A European spacecraft robot named Philae made history today as the 220-pound lander successfully touched down on the surface of a comet, as both hurled through space at 41,000 mph. Philae had separated from Rosetta, the mothership, and researchers spent seven extremely tense hours waiting for a signal indicating that Philae had reached its destination. The European Space Agency's celebration was short-lived, though, as it became apparent that there might be a problem with the landing.

The plan was for Philae to gently set itself down on to the comet's uncertain surface and fire two harpoons into it, securing the lander so it could successfully complete a variety of scientific experiments.

"There are some indications that they might not have been fired, which could mean that we are sitting in soft material and we are not anchored. We have to analyze what is the actual situation. We have to know exactly where we land, how did we land," Philae lander manager Stephan Ulamec told reporters on hand at ground control in Darmstadt, Germany.

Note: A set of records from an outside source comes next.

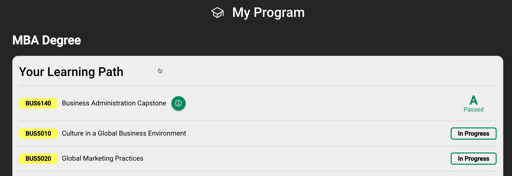 To view your program progress and scores on completed courses, view Your Learning Path. You will see the score for all completed courses.
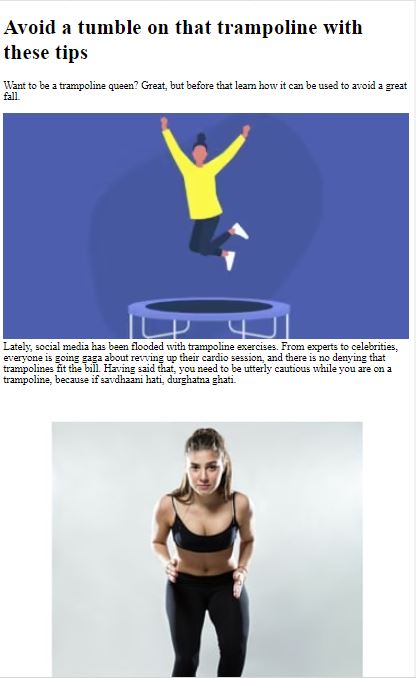 Ontdek een verscheidenheid aan trampolinetrainingen, oefeningen en routines die zijn ontworpen om uw cardiovasculaire fitness aan te vechten, uw evenwicht te verbeteren en uw spieren te versterken. Van eenvoudige sprongen tot geavanceerde flips, kernoefeningen tot intervallen met hoge intensiteit, onze vakkundig samengestelde tutorials zullen u stap voor stap begeleiden naar het bereiken van een leuke en effectieve trampolinetraining.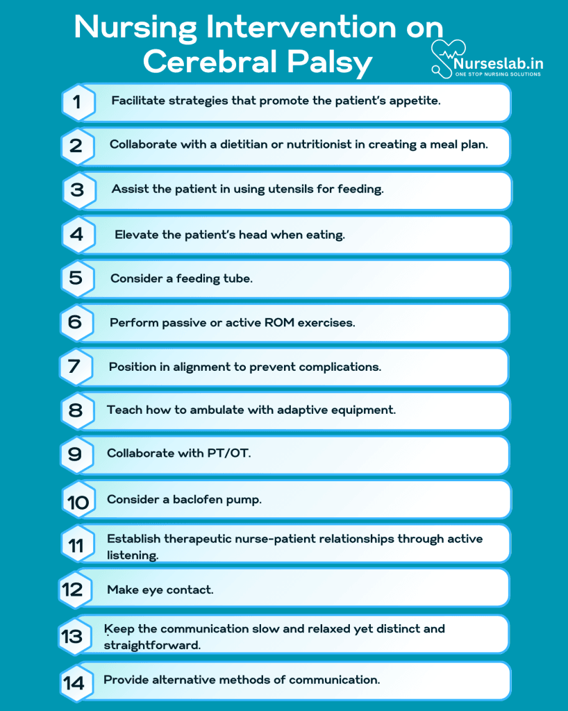 Rationale: Swallowing difficulties and motor impairments can make it challenging for patients with cerebral palsy to consume adequate nutrition. Nurses should monitor the patient’s weight, nutritional intake, and signs of aspiration. Working with a dietitian to develop a nutrition plan that includes appropriate textures and supplementation can help ensure the patient’s nutritional needs are met.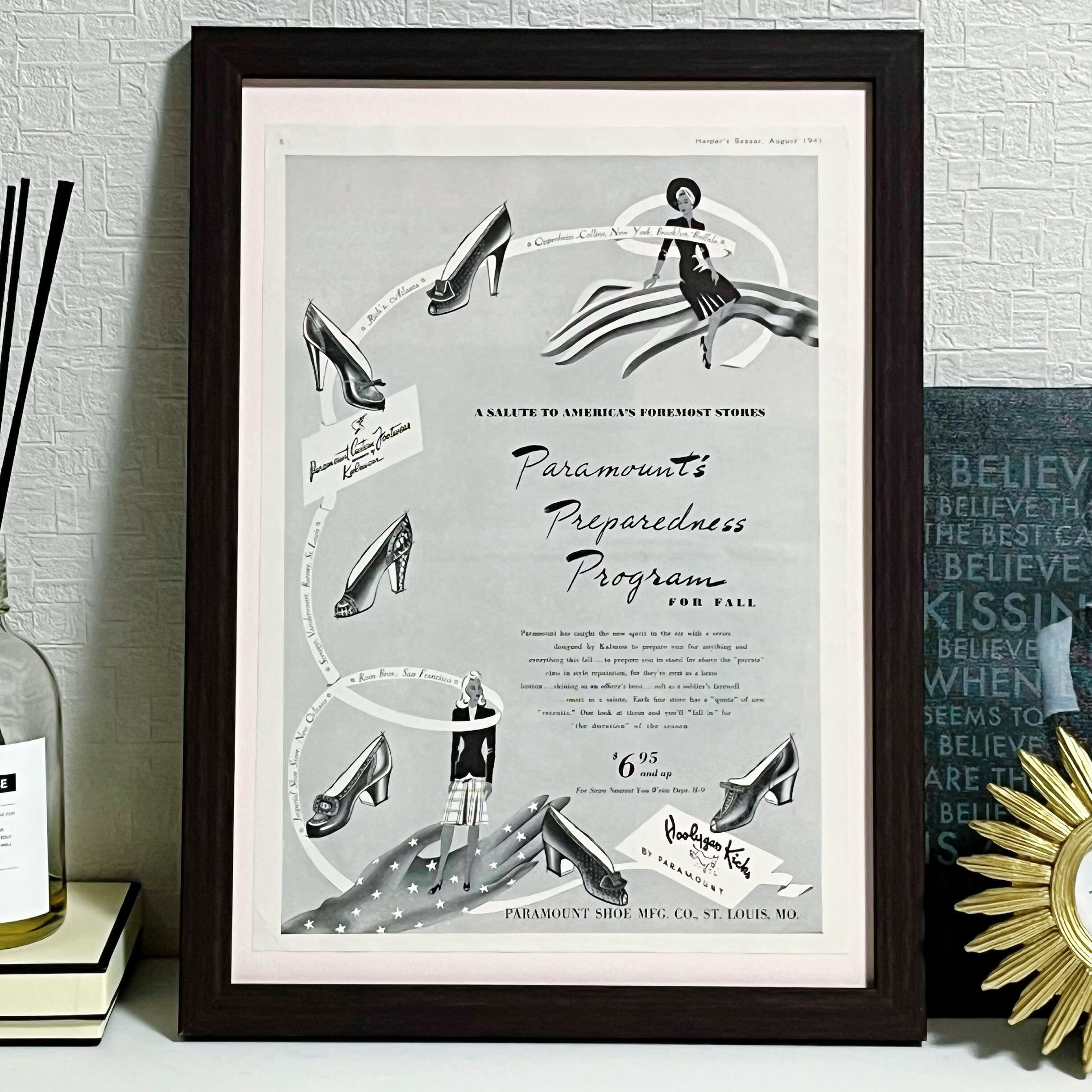 <1点もの>ポスター シート 靴 ヒール パンプス アドバタイジング ポスター ヴィンテージ アートポスター 広告 ピンク かわいい おしゃれ ハンドメイド インテリア B4サイズ | Belle_ame ヴィンテージアートポスター
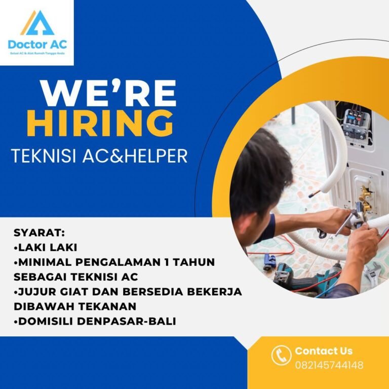 Doctor AC, penyedia layanan perbaikan dan perawatan AC rumah tangga, saat ini membuka lowongan untuk posisi Teknisi AC & Helper di wilayah Denpasar, Bali.
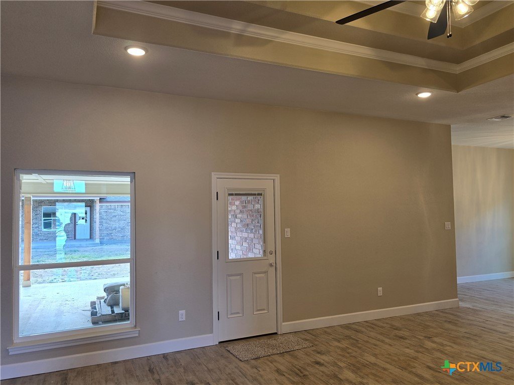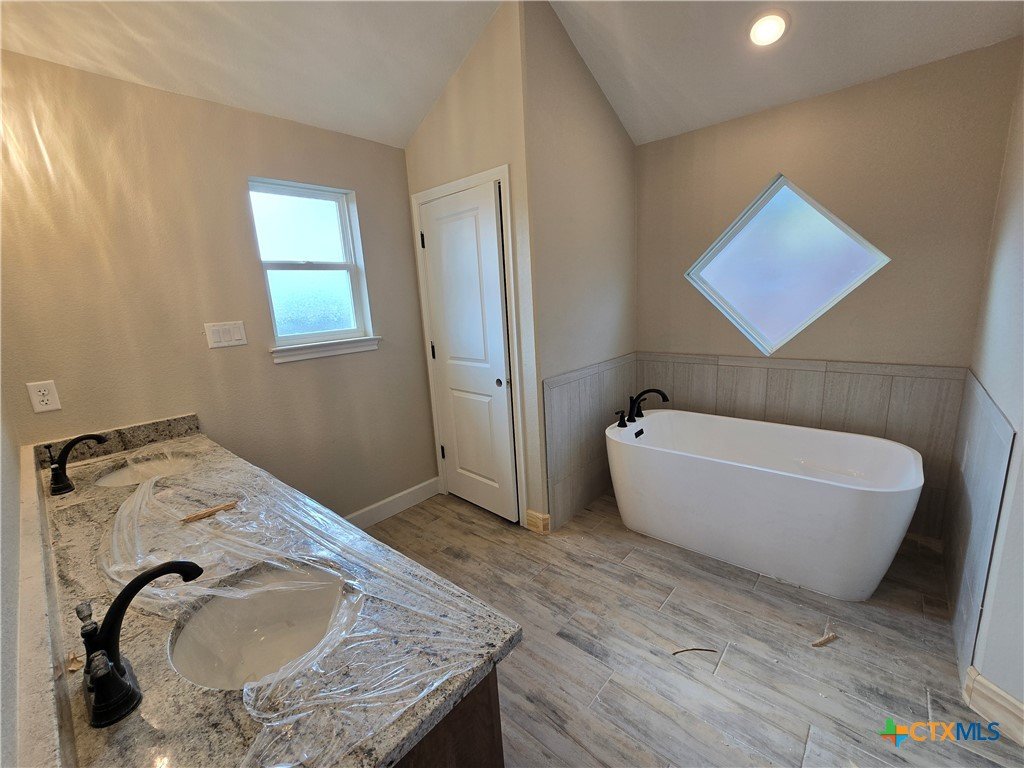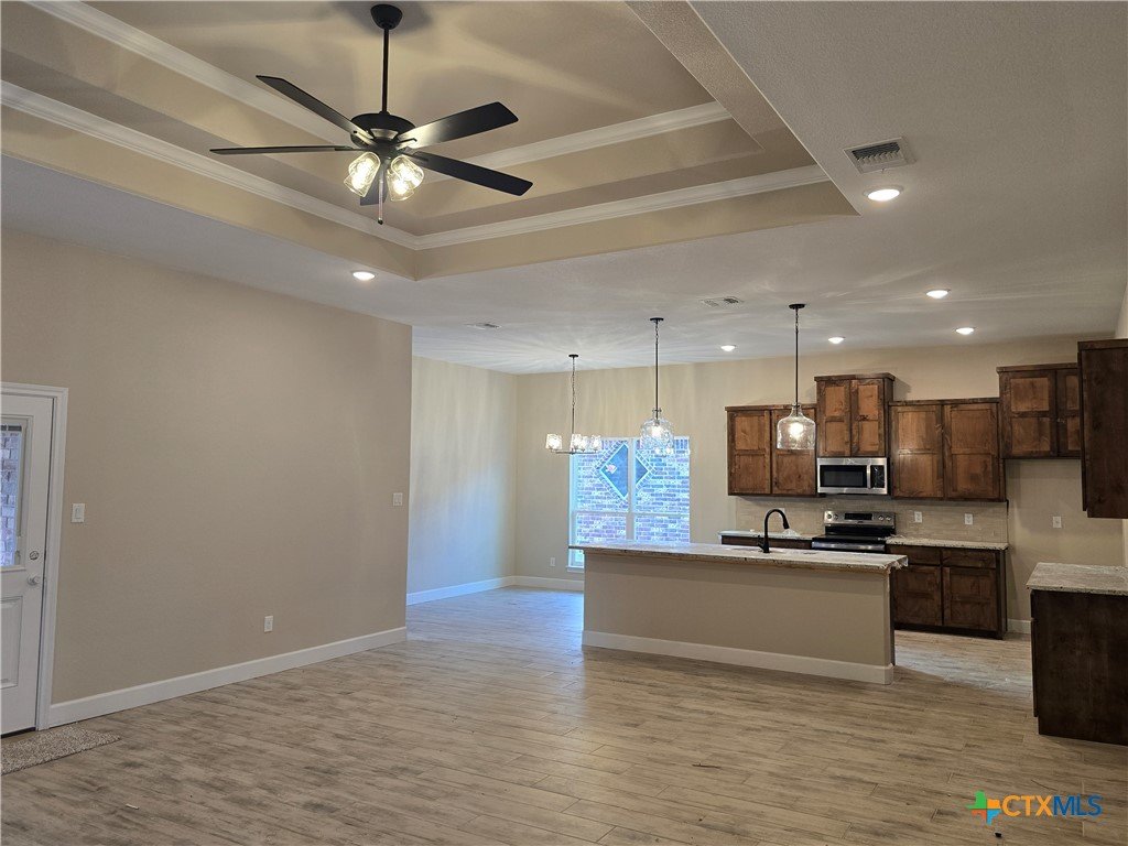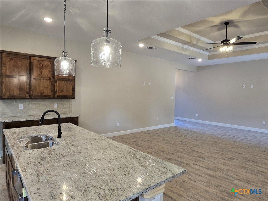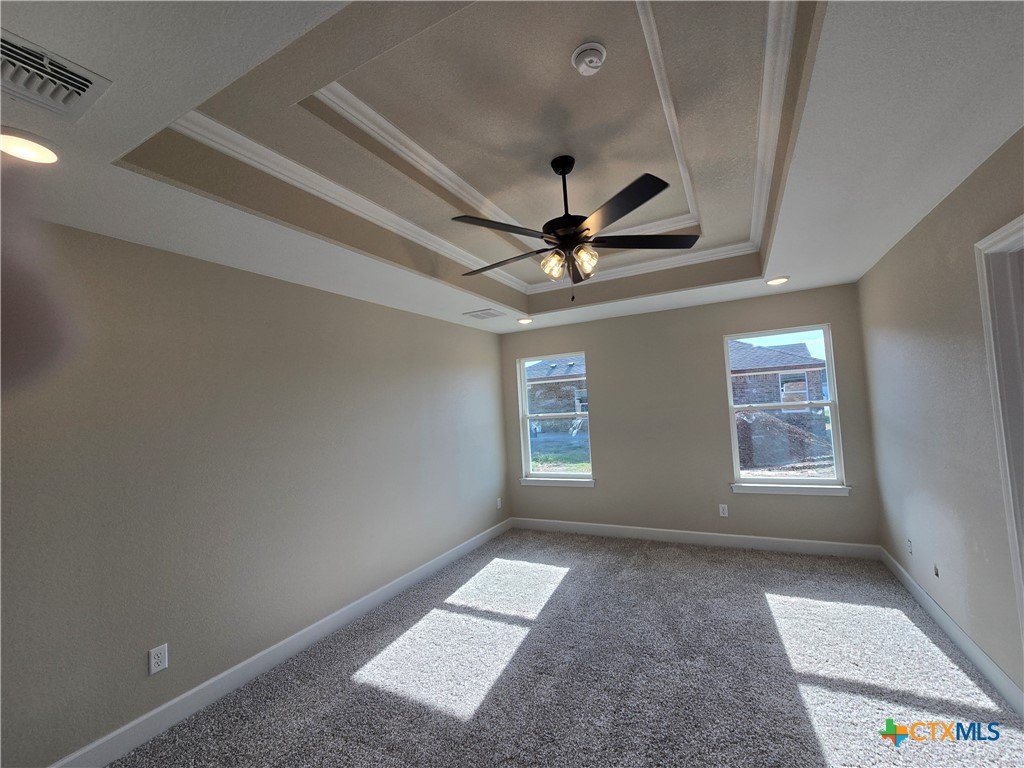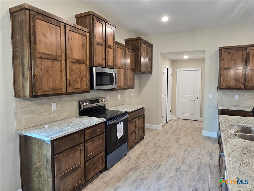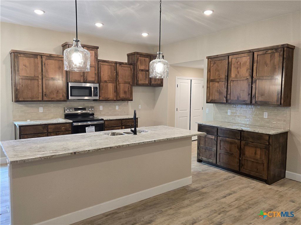 Move in to luxury in this stunning new construction home by Eagle Homes located in the highly sought out Hubbard Branch Subdivision in Belton. This open split floor plan has all the comforts from high tray ceilings and recessed lighting to a fabulous gourmet island kitchen with granite counters, pantry, stainless steel appliances, and custom cabinets. The great room is open to the island kitchen and the breakfast bar. The large owner's suite has a spacious bathroom with 2 closets, large free standing tub and ceramic tile shower. Minor bedrooms have huge closets and/or walk-in closet. One bedroom has its own private bathroom. Large three car garage, upscale moldings and ceramic tile in all wet areas. The home has one of our largest covered patios perfect for entertaining, programable sprinkler system, privacy fence, full sod, low maintenance shrubs, and so more more are just standard features Eagle Homes provides. Come out and visit our homes in Hubbard Branch, Belton ISD. Spray foam insulation!!!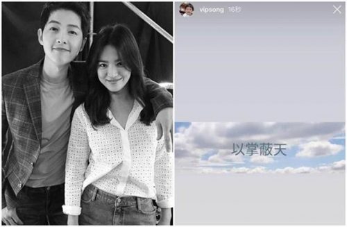 接着一张据传是从宋仲基父亲手机中流出,去年9月宋慧乔为宋仲基亲密庆生照也在韩网疯传,打脸双宋去年9月感情不和分居传闻。然而奇怪的是,宋仲基曾在北京大学学习中文7年的哥哥,此时却突然在社群网站以中文写下“以掌蔽天”4字,暗指有人一手遮天,宋仲基哥哥此举也被认为是写给宋慧乔经纪公司与力挺宋慧乔的中国粉丝看的。

While ESA workers are now scrambling to try and figure out why the harpoons did not deploy properly or dig in to the surface of the comet, this mission is clearly still a success. While researchers are always studying space and they have studied so much about comet's in general, no one has dared to try and land on one up until now.

Just taking the risk in making contact and having Philae actually touch down on the surface is a great big leap for scientific study. This once-unthinkable action has now been accomplished, and that means the decade of work the ESA put into making this one mission happen has not been for nothing.

Do you think Philae's team will be able to gather enough information to understand exactly what went wrong today while also gathering information from the portion of the mission that has been successful?